Solving Cold Cases with DNA

Learn how DNA technology is being used to solve cold cases and bring justice to victims long after the crime occurred.

How Genetic Genealogy Is Rewriting the Rules of Cold Case Investigation

For decades, cold cases represented the limits of forensic science. Evidence sat in lockers. Families waited for answers that never came. Killers aged into anonymity, secure in the belief that time was on their side.

That’s no longer true.

Since 2018, forensic genetic genealogy has fundamentally transformed cold case investigation. The breakthrough came with the Golden State Killer arrest—a serial murderer and rapist who had evaded capture for over 40 years, finally identified through DNA uploaded to a public genealogy database.

How It Works

Traditional DNA testing requires an exact match.

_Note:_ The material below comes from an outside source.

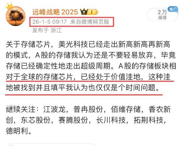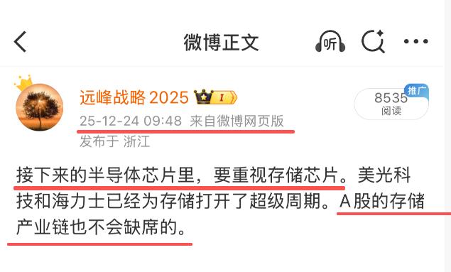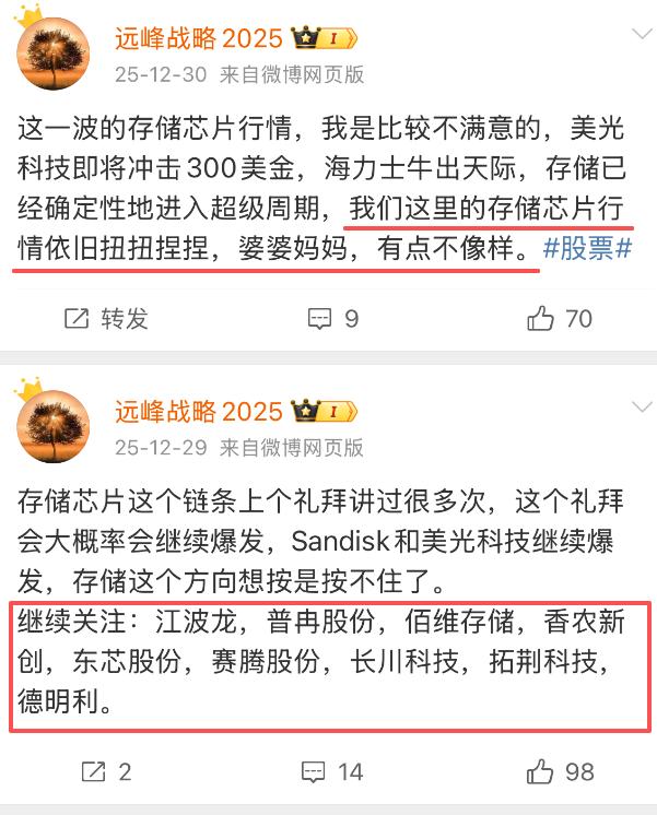 存储芯片这几个字在我最近20天的文章里重复次数是比较多的。近段时间以来我反复地说,存储芯片已经进入了超级周期,应该予以足够的重视,存储芯片是芯片行业的第二大产业,仅次于CPU、GPU等逻辑芯片,过去一年多美光科技率先掀起存储芯片涨价潮,不断宣布对DRAM和NAND产品上调价格。目前中国的存储芯片我一直说还处于全球存储的价值洼地。 隔夜,美光科技涨幅涨幅超过10%,闪迪涨幅27%,西部数据涨幅16.77%,希捷科技涨幅14%,均创历史新高。A股的存储就算再不济,我认为也是压不住的。 继续关注并跟踪存储相关公司:普冉股份,江波龙,兆易创新,长川科技,雅克科技,深科技,佰维存储,香农新创,东芯股份,赛腾股份,德名利等。

If your suspect isn’t in CODIS (the FBI’s criminal DNA database), you get nothing.

Genetic genealogy takes a different approach. Instead of looking for the killer directly, investigators look for his relatives.

Crime scene DNA is uploaded to public genealogy databases like GEDmatch. The database returns genetic matches—third cousins, fourth cousins, distant relatives who’ve taken consumer DNA tests. Genetic genealogists then build family trees backward, tracing these connections through census records, obituaries, and birth certificates until they find where the trees intersect.

Somewhere in that intersection is the suspect.

The Numbers Tell the Story

Since 2018, genetic genealogy has helped solve hundreds of cold cases across the United States. Victims who waited decades for justice are finally getting answers:

– **April Tinsley** (1988) – Solved after 30 years
– **Marcia King, the “Buckskin Girl”** (1981) – Identified after 37 years
– **Mary Schlais** (1974) – Solved after 50 years

These aren’t just statistics. They’re daughters, sisters, mothers. People who deserved answers.

The Evidence Was Always There

What’s remarkable about many of these cases is that the evidence existed all along. DNA samples preserved in the 1980s and 1990s—too degraded or too small for the technology of their time—are now being successfully analyzed.

The science caught up.

For families still waiting, there’s reason to hope. If the evidence was preserved, if the DNA is there, the answer may be waiting to be found.

The cases aren’t cold anymore. They’re just waiting for the right technology.